The Centre Pompidou Hanwha, born from a four-year partnership agreement signed in 2023 between the Hanwha Foundation of Culture, Seoul, and the Centre Pompidou, Paris, is scheduled to open in June.
The museum will occupy a former aquarium in Yeouido that has been renovated by French architect Jean-Michel Wilmotte into a four-story venue with two main exhibition galleries. The stated aim of the Centre Pompidou Hanwha is to reinterpret the French museum’s collection ‘through Korea’s socio-cultural context’. Over the next four years, the Centre Pompidou Hanwha plans to present two exhibitions annually based on the Centre Pompidou’s collection, and two to three exhibitions per year centred on contemporary Korean art.
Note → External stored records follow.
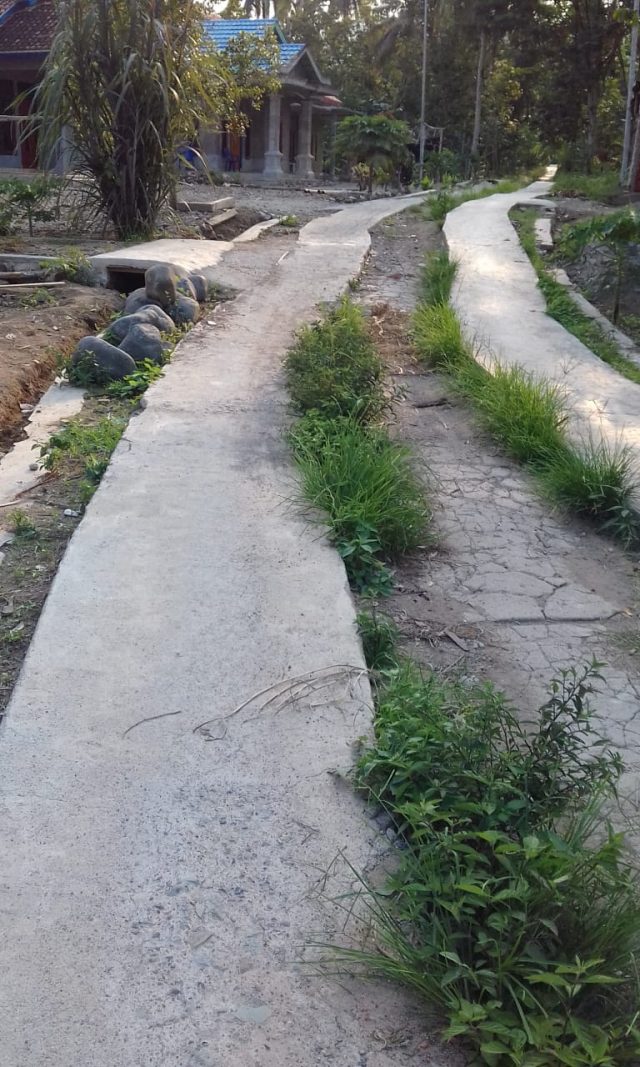 Pembangunan tersebut pada gambar yang di ambil oleh Media, tampak bahwa lebar jalan kurang lebih 3 Meter di bagi menjadi 2, 1 jalan selebar 1 Meter menjadi dua bagian dan di tengah kosong, panjang sekitar 150 meter jalan menuju sungai.
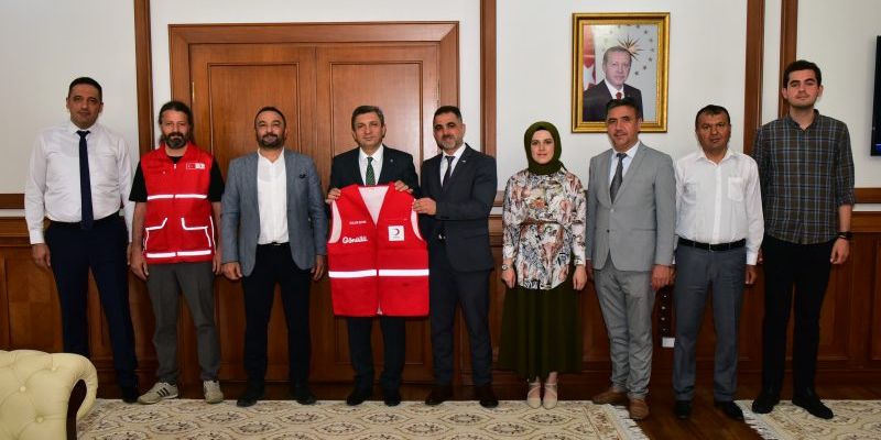 Türk Kızılay’ı Malatya Şube’si olarak Vali Hulusi Şahin’e Kızılay Gönüllü’sü yeleği hediye edildi.
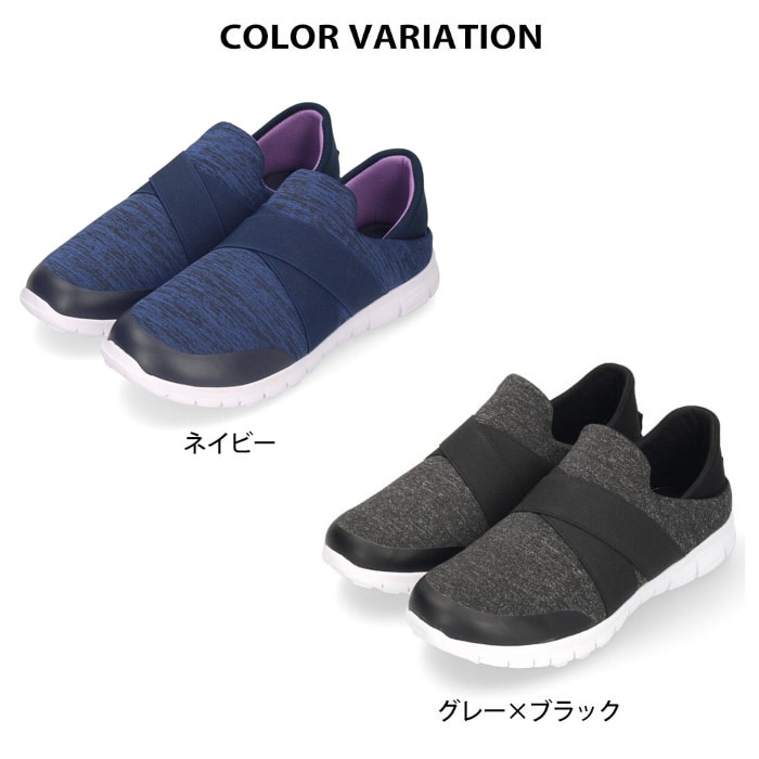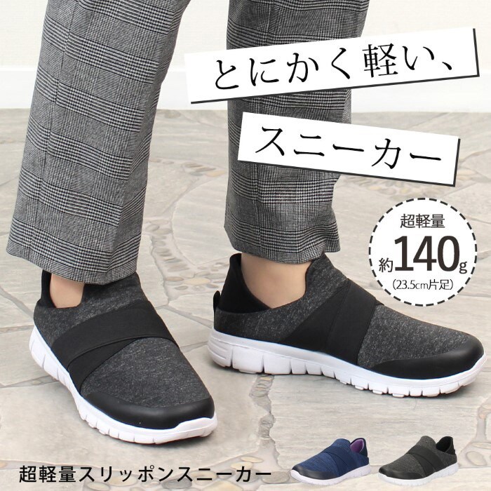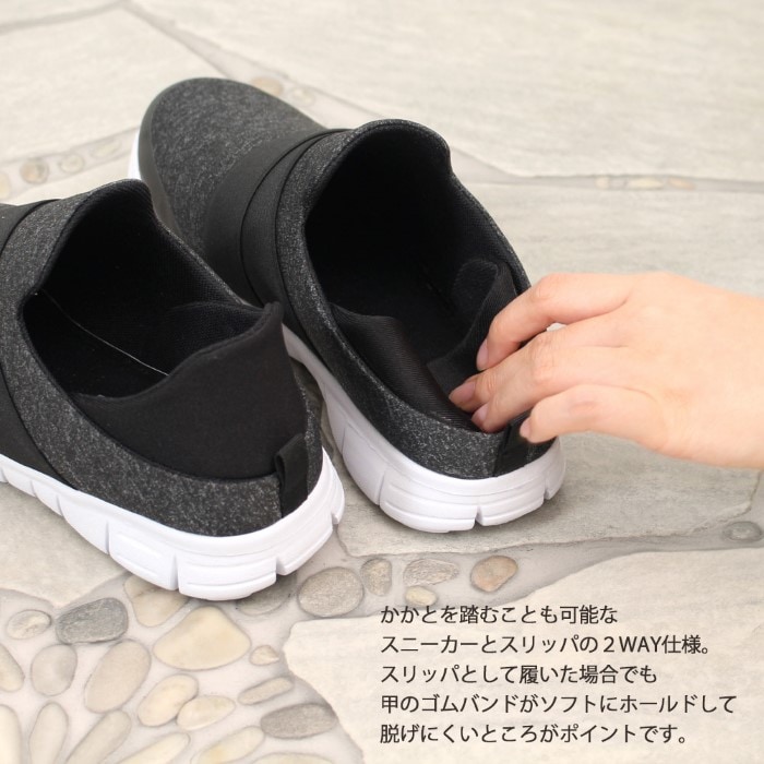 | 爽やか!軽い!さっと履ける!踵が踏める快適スニーカー 履いていることを忘れてしまいそうな片足約140gという驚異のかるさ。もちろん軽いだけではなく、履き心地にもこだわりました。 足の形に沈み込む低反発のクッションが歩行時の足裏への衝撃を軽減。リラックスできる履き心地で毎日の使用におススメです。 スリッポンタイプで脱ぎ履きが楽なのも嬉しいポイントです。 かかとを踏むことも可能。スニーカーとスリッパの2WAY仕様。 スリッパとして履いた場合でも甲のゴムバンドがソフトにホールドして脱げにくいところがポイントです。 |
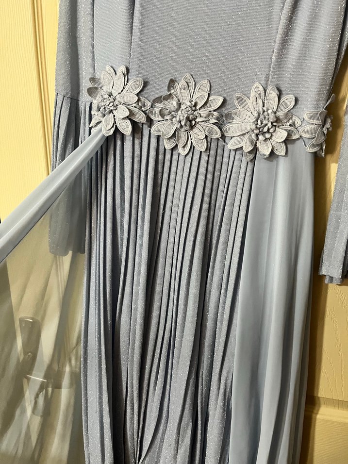 Buz mavisi renkli kolları ve etekleri piliseli uzun etekli abiye. Belindeki çiçek detayları ayrı bir hava katıyor. Kollarındaki piliselerde çok güzel bir görünüm veriyor.38 beden 36-38 bedene rahatlıkla olur.

The inaugural exhibition, The Cubists: Inventing Modern Vision, will trace the chronological development of Cubism and will include a section focusing on the intersections between western Cubism and Korean art.
Centre Pompidou Hanwha will be the latest to open in a series of partnerships between the Parisian museum – which is currently closed for renovations – and foreign cultural institutions, municipal administrations and developers. The Centre already operates museums in Malaga and Shanghai, and is set to open new sites in Brussels later this year and in in Iguaçu Falls in 2028.